図4:変異腸オルガノイドの代表的な画像。 Wnt経路Axin1およびRnf43の負の調節因子のノックアウトは、それらのパラログと一緒に、腸オルガノイドを増殖因子欠乏に対して抵抗性にする。特に、Axin1 / 2ノックアウトオルガノイド(Axin1 / 2KO)は、R-スポンジン(EN:EGF +ノギン)とWnt(EN + IWP2:EN + Porcupineインヒビター)の両方の非存在下で増殖することができるのに対して、Rnf43 / Znrf3変異オルガノイド(R&Z KO)は、R-スポンジン(EN)の非存在下でのみ生き残ることができる。対照的に、WTオルガノイドは、対照培養条件、WENR + Nic(Wnt + EGF + Noggin + R-スポンジン+ニコチンアミド)においてのみ生存することができる。スケールバー=1,000μm。
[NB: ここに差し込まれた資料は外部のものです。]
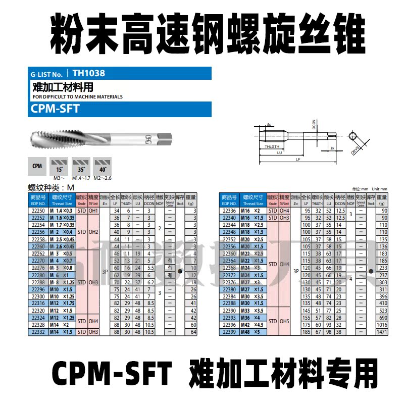 OSG powder high speed steel spiral wire taps Japan imported CPM - SFT difficult processing material for machine cone thread
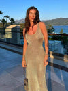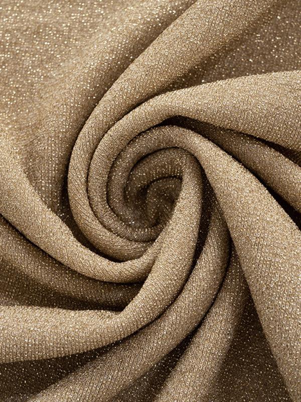 Deze glamoureuze midi jurk met U-hals en glitterende afwerking biedt een elegante pasvorm die perfect is voor avondevenementen en speciale gelegenheden. De mouwloze stijl accentueert je silhouet op een verfijnde manier.
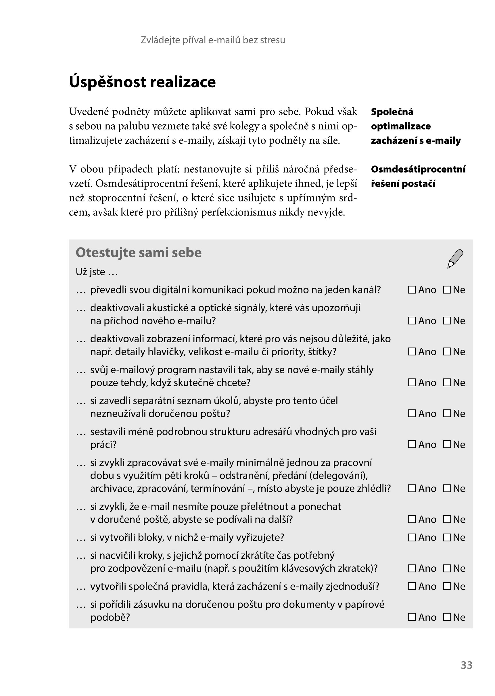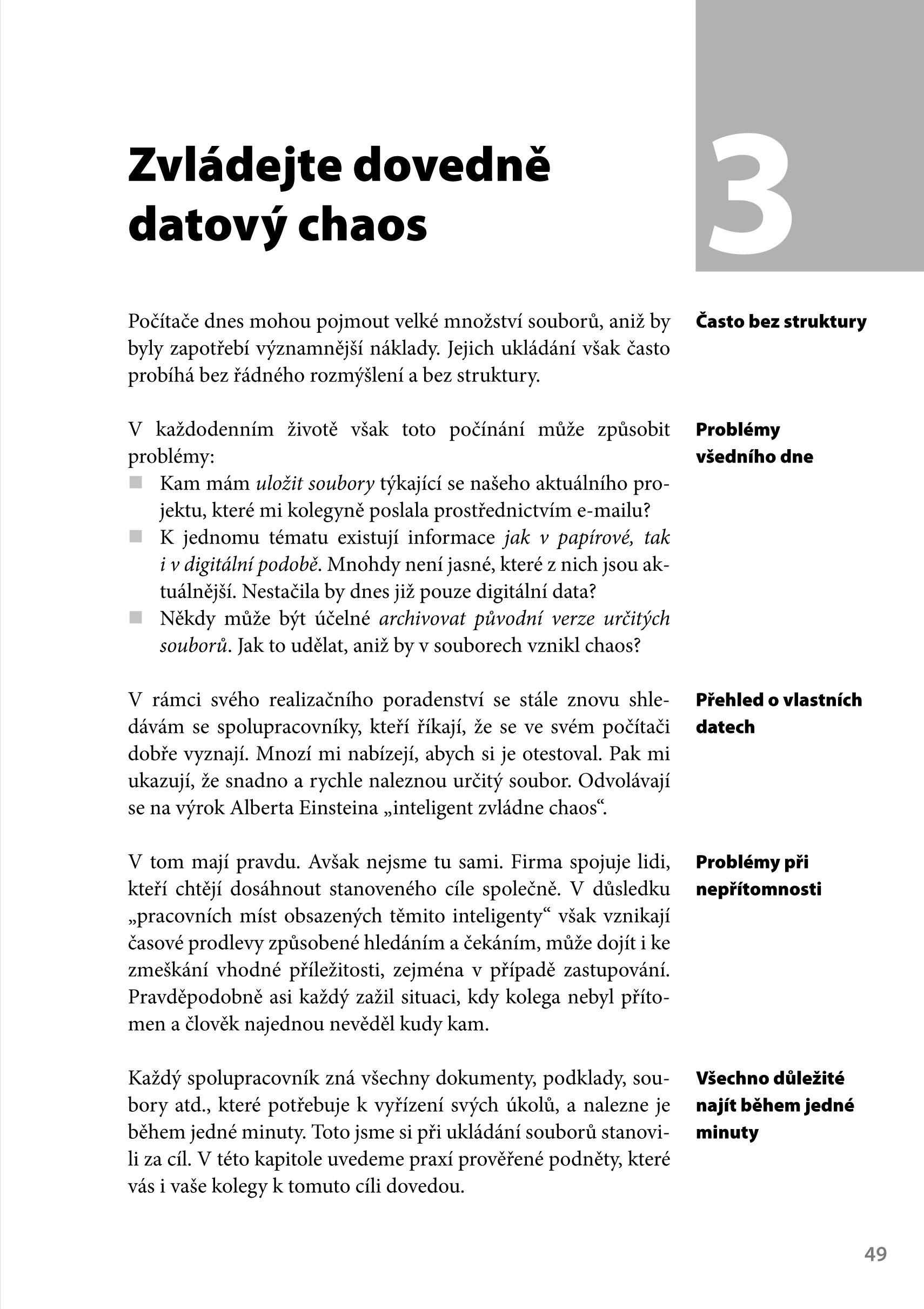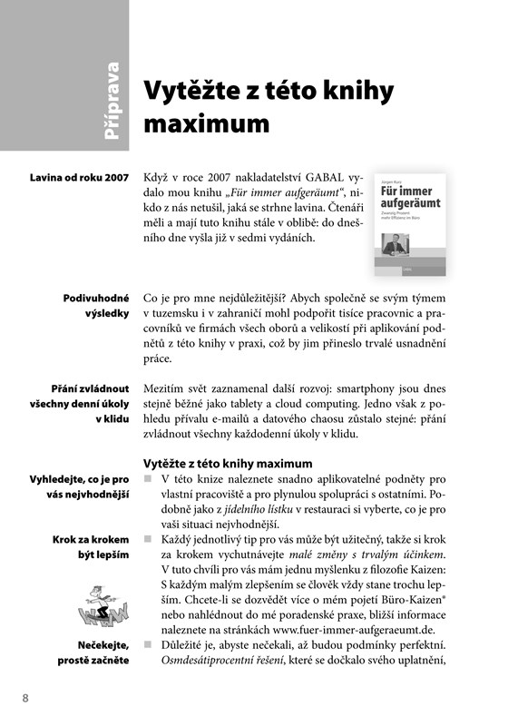 Neustále přeplněná schránka s e-maily, neuspořádané soubory v počítači, zmatek na ploše. V dnešní době, kdy na nás útočí data ze všech stran, se s těmito problémy potýkáme téměř všichni. V této knize naleznete snadno aplikovatelné podněty pro vlastní pracoviště a pro plynulou spolupráci s ostatními. Všechny tipy jsou ověřeny každodenní praxí. Budete-li se řídit těmito tipy, všechny vaše e-maily a soubory budou mít své místo a přitom toho docílíte naprosto jednoduše a pomocí pár kliknutí.
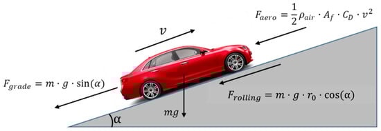 The road load (Figure 2) equation given in (1) has three parts. The first part is the rolling resistance , and this term depends on the tire properties, vehicle speed and road conditions. In Equation (2), is the vehicle mass with the rotating inertia factor, is a parameter of the rolling resistance equation and is the road grade. The second term is and refers to the aerodynamic drag term. depends on the vehicle speed and frontal cross-section area of the vehicle. In Equation (2), is the density of air, is the front cross-sectional area, is the drag coefficient and is the vehicle speed. is the road grade term, and it depends on the vehicle mass and the road grade.
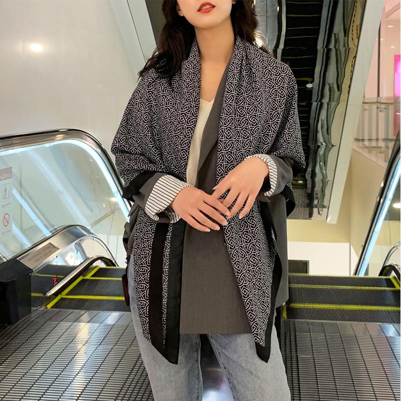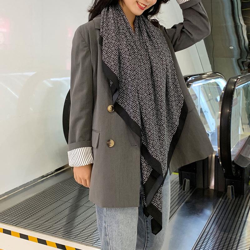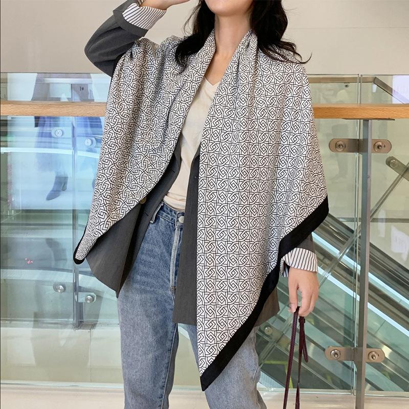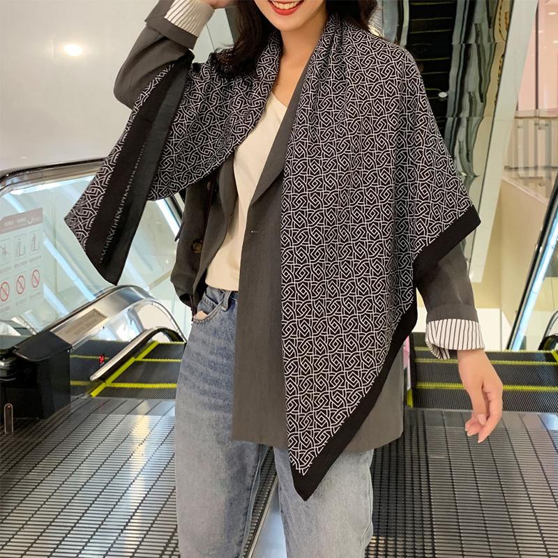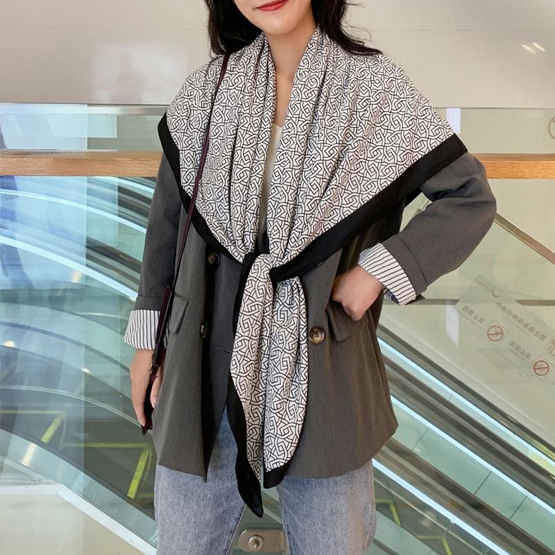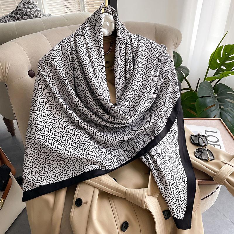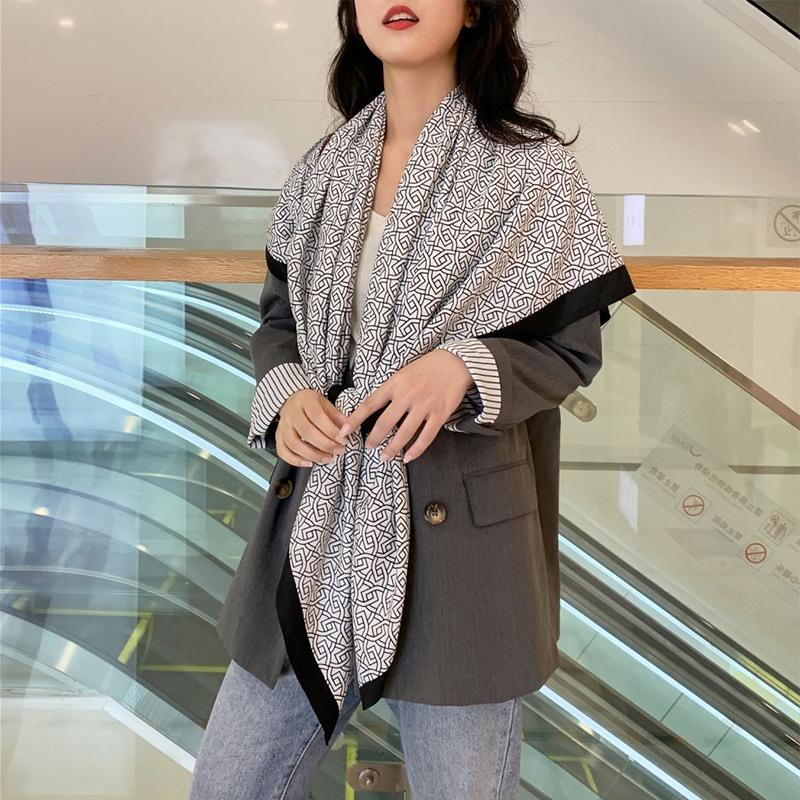 Chal de viaje Joker de moda de primavera y otoño con protección solar y aire acondicionado, estampado geométrico en blanco y negro, sarga de 130 x 130 cm, cuadrado grande para mujer
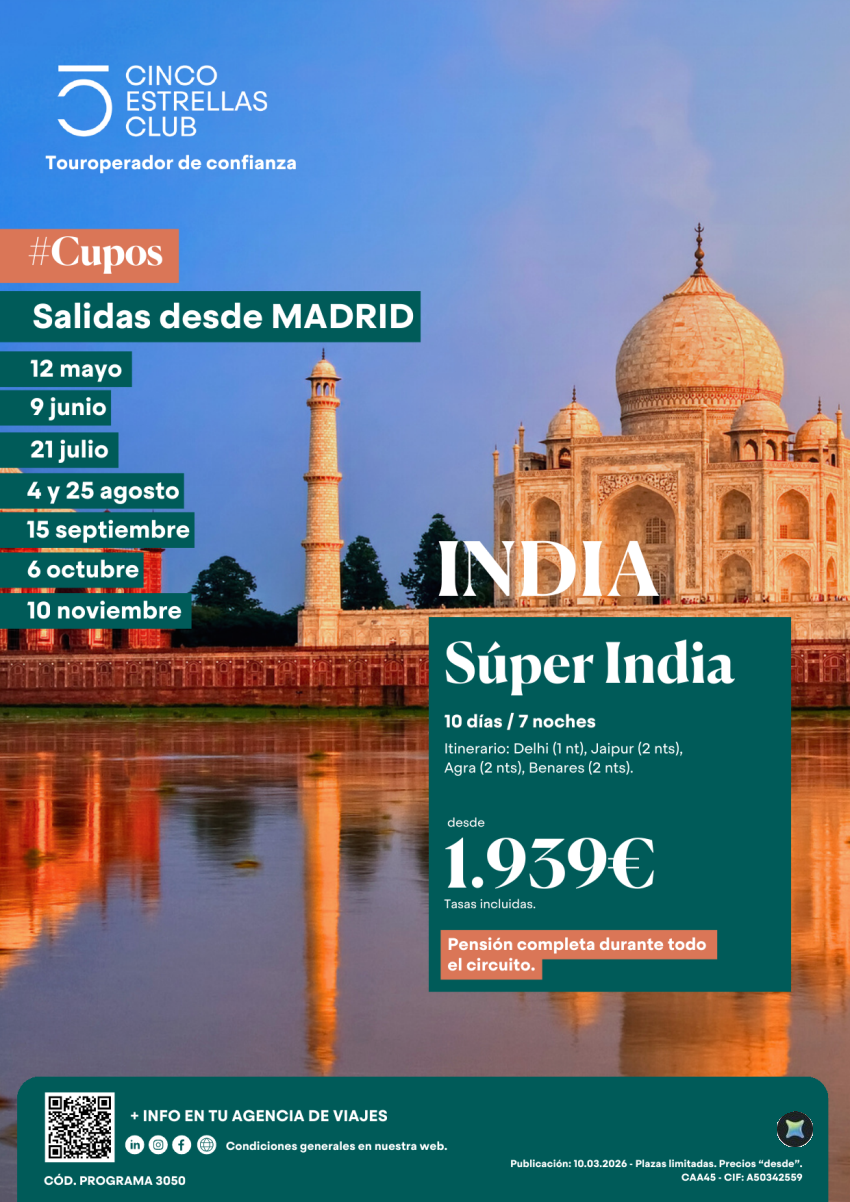 Cupos | Súper India 10ds/7ns dsd 1.939€ Sal: 12.05-09.06-21.07-4 y 25.08-15.09-06.10-10.11 dsd Madrid en PC
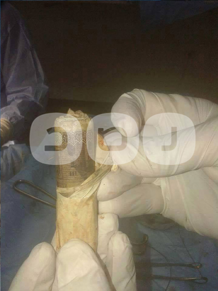 وقام الأطباء بإجراء عملية فتح المعدة، لاستخراج الجسم، ليفاجئوا بأن الجسم عبارة عن لفة من الأموال قيمتها 1000 جنيه.
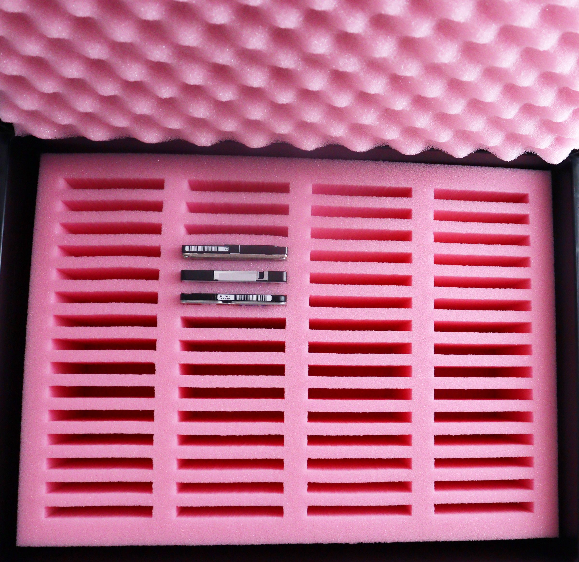Thoughtful full protection design: ESD foam insert with 60 cutouts, 2 foam bases (20mm each), ESD leveling base (10mm) and self-adhesive convoluted foam form a seamless protection system. Each component provides specialized protection against electrostatic discharge and mechanical impacts.
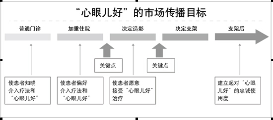 对于不同阶段的患者确定了梯次化的传播目标,其中又以冠脉造影为分水岭确定了两个传播的关键点,在造影前使患者偏好介入治疗和“心眼儿好”支架,在造影后促使患者接受“心眼儿好”治疗。如图6-5所示。
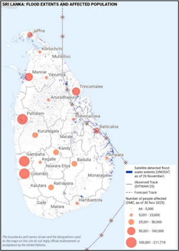 • The cyclone Ditwah made landfall in Sri Lanka on 28th November, before moving back over the Bay of Bengal.
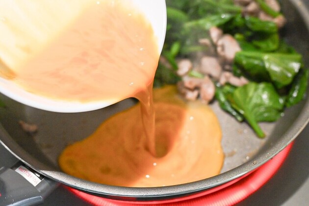 ほうれん草を加えたら全体をさっと炒め合わせます。
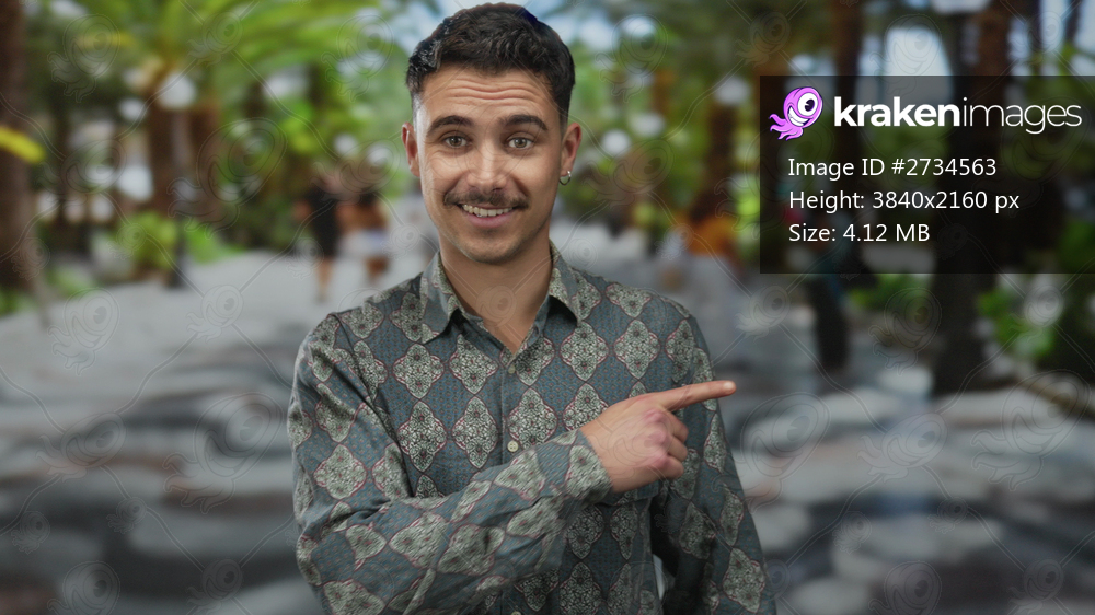 Young hispanic man on city street giving thumbs up, surrounded by blurry pedestrians and palm trees in an urban outdoor setting, wearing patterned shirt with a confident expression. - Kraken Images
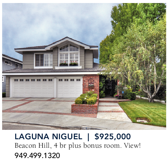 LAGUNA NIGUEL | $925,000 Beacon Hill, 4 br plus bonus room. View! 949.499.1320
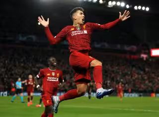 Roberto Firmino celebra el 2-0 en el Liverpool-Atlético de Madrid de la Liga de Campeones 2019-2020 - Peter Byrne/PA Wire/dpa
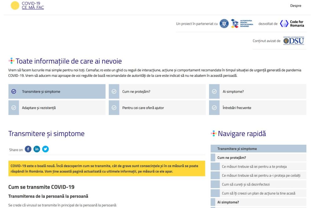 Un proiect al unor voluntari IT arata cat de multi romani capabili avem in tara. Tot ce vrei sa stii, sa fii corect informat despre COVID-19, se gaseste pe site-ul cemafac.ro dezvoltat cu o serie de institutii partenere inclusiv cu Guvernul Romaniei:

この図の拡大版を見るには、ここをクリックしてください。 | 基礎培地 | | コメント |
| 4℃で4週間保存する | | |
| 細胞培養培地 | 500 mL | 材料の表を参照 |
| L-グルタミン100倍 | 5mL | |
| 緩衝剤1 M | 5mL | 材料の表を参照 |
| ペニシリンストレプトマイシン100倍 | 5mL | |
| WENR + Nic(Wnt + EGF +ノギン+ R-スポンジン+ニコチンアミド) | | |
| 4℃で2週間保存する | | |
| 基礎培地 | 最大50 mL | |
| ニューロン細胞無血清サプリメント(50倍) | 1 mL | maの表を参照テリアール |
| ニューロン細胞無血清サプリメント(100倍) | 500μL | 材料の表を参照 |
| n-アセチルシステイン(500mM) | 125μL | |
| マウスEGF(100μg/ mL) | 25μL | |
| マウスノギン(100μg/ mL) | 50μL | |
| R-スポンジン条件培地 | 5mL | |
| Wnt3a条件培地 | 25 mL | |
| ニコチンアミド(1 M) | 250μL | |
| EN + CHIR + Y-27632(EGF +ノギン+ CHIR + Y-27632) | | |
| 4℃で2週間保存する | | |
| ペニシリン・ストレプトマイシンを含まない基本培地 | 最大20 mL | |
| ニューロン細胞無血清サプリメント(50倍) | 400μL | 材料の表を参照 |
| ニューロン細胞無血清サプリメント(100倍) | 200μL | 材料の表を参照 |
| n-アセチルシステイン(500mM) | 50μL | |
| マウスEGF(100μg/ mL) | 10μL | |
| マウスノギン(100μg/ mL) | 20μL | |
| Y-27632(10μM) | 20μL | |
| CHIR99021(8μM) | 10μL | |
| EN(EGF +ノギン) | | |
| 4℃で4週間保存する | | |
| 基礎培地 | 最大50 mL | |
| ニューロン細胞無血清サプリメント(50倍) | | 材料表を参照 |
| ニューロン細胞無血清サプリメント(100倍) | 500μL | 材料表を参照 |
| n-アセチルシステイン(500mM) | 125μL | |
| マウスEGF(100μg/ mL) | 25μL | |
| マウスノギン(100μg/ mL) | 50μL | |
表2:オルガノイド培地の組成。